Czułam zimny dreszcz, gdy przekraczałam próg, ale ku mojemu zdziwieniu nie uczynił nic, co mogłoby wskazywać na złe zamiary. Znalazłam się w skromnym gabinecie albo jak on to nazwał komisariacie. Podszedł do kontuaru szperając w tonach papieru.
-Jakaś konkretna?
-Wybrzeża zatokowego.
-Nie będę takiej miał….. A może całych Stanów?
-Niech będzie- wysiliłam się na lekki ton, walcząc z moją własną paranoją.
-Proszę- Podał mi złożony dokument.- Czy mogę jeszcze w jakiś sposób pomóc,…?
-Lizzy.
Zdobył się na zmęczony uśmiech.
-Czy mogę jeszcze w jakiś sposób pomóc, Lizzy?
-Nie sadzę- odparłam, biorąc mapę.- Do widzenia i dziękuję, panu- rzuciłam, nie czekając na odpowiedź.
Szybkim krokiem ruszyłam główną droga, aby wydostać się z miasteczka, zanim zaczęłyby się pytania. Dopiero koło południa zrobiłam sobie krótki postój, siadając w cieniu drzew. Napiłam się i zjadłam małą rację, gdyż zdecydowałam się nie odwiedzać miast. Wyciągnęłam mapę i odszukałam na niej Long Island. Miałam duży kawał drogi przed sobą. Wyznaczyłam sobie trasę do wieczora i podążyłam dalej. Nie interesowały mnie widoki. Skupiałam się tylko na tym, aby nie zgubić drogi. Nagle przede mną usłyszałam trzask gałęzi. Poczułam falę adrenaliny, która wypełniła moje żyły. Gdyby to było zwierze usłyszałabym dalsze hałasy, ale wokół zapanowała okropna cisza. Niby od niechcenia poprawiłam pasek z nożem, kiedy z krzaków wyszło kilku niedorostków.
-Kogo my tu mamy?- wycharczał wyższy, wyszczerzając się w lubieżnych uśmiechu.
Spróbowałam ich obejść, ale barczysty szatyn złapał mnie za nadgarstek.

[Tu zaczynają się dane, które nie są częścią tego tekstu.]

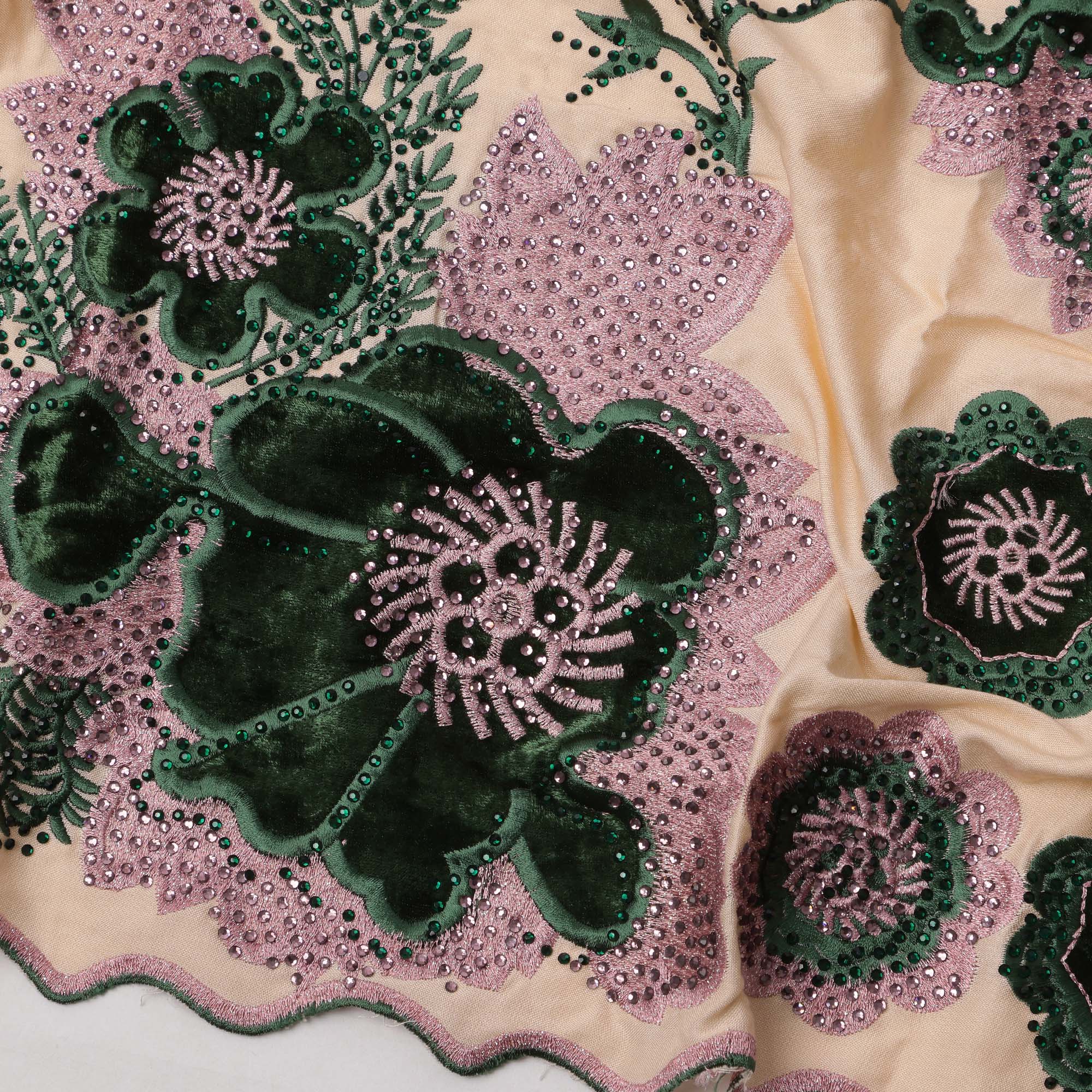 Intricate embroidery in golden and silver threads for a luxurious finish.

-Nie chcę kłopotów- mruknęłam.
: Carl!
-Słuchaj, ona nie chce kłopotów- zaśmiał się jego niższy kolega.- Ale my chcemy się tylko zabawić, maleńka.
: Carl, pomocy!
Napięłam mięśnie i uderzyłam go w pierś, kiedy do mnie się zbliżył. Zakrztusił się i upadł na plecy, tracąc oddech.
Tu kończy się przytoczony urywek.